* _The task_:
Send back the data below exactly. Drop every picture.

* _Dataset content_:
· · · · ·

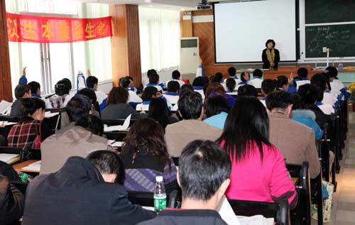 下午,刘志明校长就附校开展生本教育实验的情况向研习班成员们作了经验介绍。刘校长精辟的理论、深邃的思索讲述了附校进行生本实验的成绩。“生本教育”的课堂模式是怎样的?如何处理“生本教育”与统考的关系?是否会增加教师的工作量?如何使教师、学生和家长接受?接下来进行语文、数学和英语科座谈交流上,附校一线老师对这些问题进行了回答,使来宾们更加明确了生本教育的内涵,坚定了走生本之路的信心。
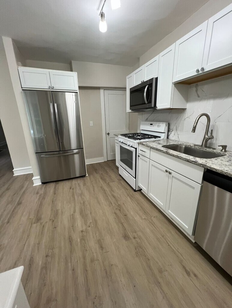 Welcome to this beautifully renovated end unit in Chester, PA. This home boasts three spacious bedrooms and a fully renovated bathroom with a tiled shower. The gourmet kitchen is a chef's dream, equipped with a gas range, stainless steel appliances, a refrigerator, microwave, and dishwasher. The bi-level living space is filled with abundant light, thanks to the skylight and large windows. The home also features luxury vinyl plank flooring throughout, adding a touch of elegance to the space. The in-unit washer and dryer add convenience to your daily routine. The home also offers ample closet space for all your storage needs. The unfinished basement provides additional storage space or can be transformed into a personalized area. The home also features a cozy fireplace for those chilly nights. The exterior of the home is just as impressive with a fenced-in backyard, perfect for outdoor activities, and a welcoming front porch. This home is a true gem in Chester, PA. Please Note: A minimum credit score of 600 and a combined monthly income of at least 3x the rent is required to apply. We do accept Section 8 vouchers for this property.
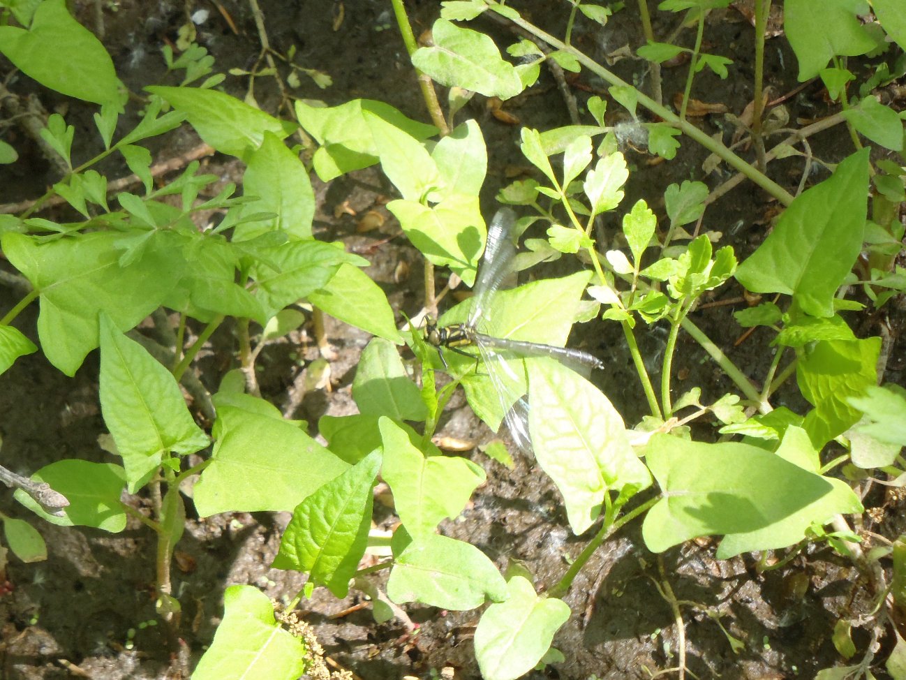 トンボシーズン到来です! 5月26日ころから羽化が始まり、現在までにホンサナエ・モイワサナエ・ シオヤトンボ・ヨツボシトンボ・ニホンカワトンボが確認されました。 写真は、モイワサナエ。5月30日に湿原で羽化したばかりの羽を乾かしている ところをみつけました。
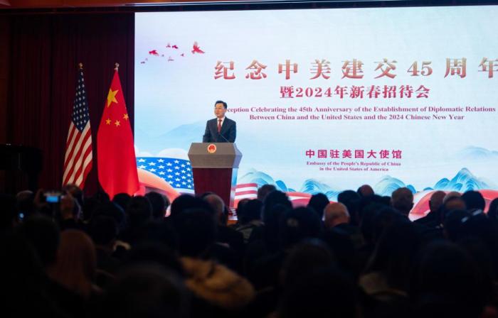 當(dāng)?shù)貢r(shí)間1月16日晚,中國駐美國使館隆重舉辦紀(jì)念中美建交45周年暨新春招待會。謝鋒大使出席并發(fā)表致辭。

· · · · ·

* _Response below_:
 下午,刘志明校长就附校开展生本教育实验的情况向研习班成员们作了经验介绍。刘校长精辟的理论、深邃的思索讲述了附校进行生本实验的成绩。“生本教育”的课堂模式是怎样的?如何处理“生本教育”与统考的关系?是否会增加教师的工作量?如何使教师、学生和家长接受?接下来进行语文、数学和英语科座谈交流上,附校一线老师对这些问题进行了回答,使来宾们更加明确了生本教育的内涵,坚定了走生本之路的信心。
 Welcome to this beautifully renovated end unit in Chester, PA. This home boasts three spacious bedrooms and a fully renovated bathroom with a tiled shower. The gourmet kitchen is a chef's dream, equipped with a gas range, stainless steel appliances, a refrigerator, microwave, and dishwasher. The bi-level living space is filled with abundant light, thanks to the skylight and large windows. The home also features luxury vinyl plank flooring throughout, adding a touch of elegance to the space. The in-unit washer and dryer add convenience to your daily routine. The home also offers ample closet space for all your storage needs. The unfinished basement provides additional storage space or can be transformed into a personalized area. The home also features a cozy fireplace for those chilly nights. The exterior of the home is just as impressive with a fenced-in backyard, perfect for outdoor activities, and a welcoming front porch. This home is a true gem in Chester, PA. Please Note: A minimum credit score of 600 and a combined monthly income of at least 3x the rent is required to apply. We do accept Section 8 vouchers for this property.
 トンボシーズン到来です! 5月26日ころから羽化が始まり、現在までにホンサナエ・モイワサナエ・ シオヤトンボ・ヨツボシトンボ・ニホンカワトンボが確認されました。 写真は、モイワサナエ。5月30日に湿原で羽化したばかりの羽を乾かしている ところをみつけました。
 當(dāng)?shù)貢r(shí)間1月16日晚,中國駐美國使館隆重舉辦紀(jì)念中美建交45周年暨新春招待會。謝鋒大使出席并發(fā)表致辭。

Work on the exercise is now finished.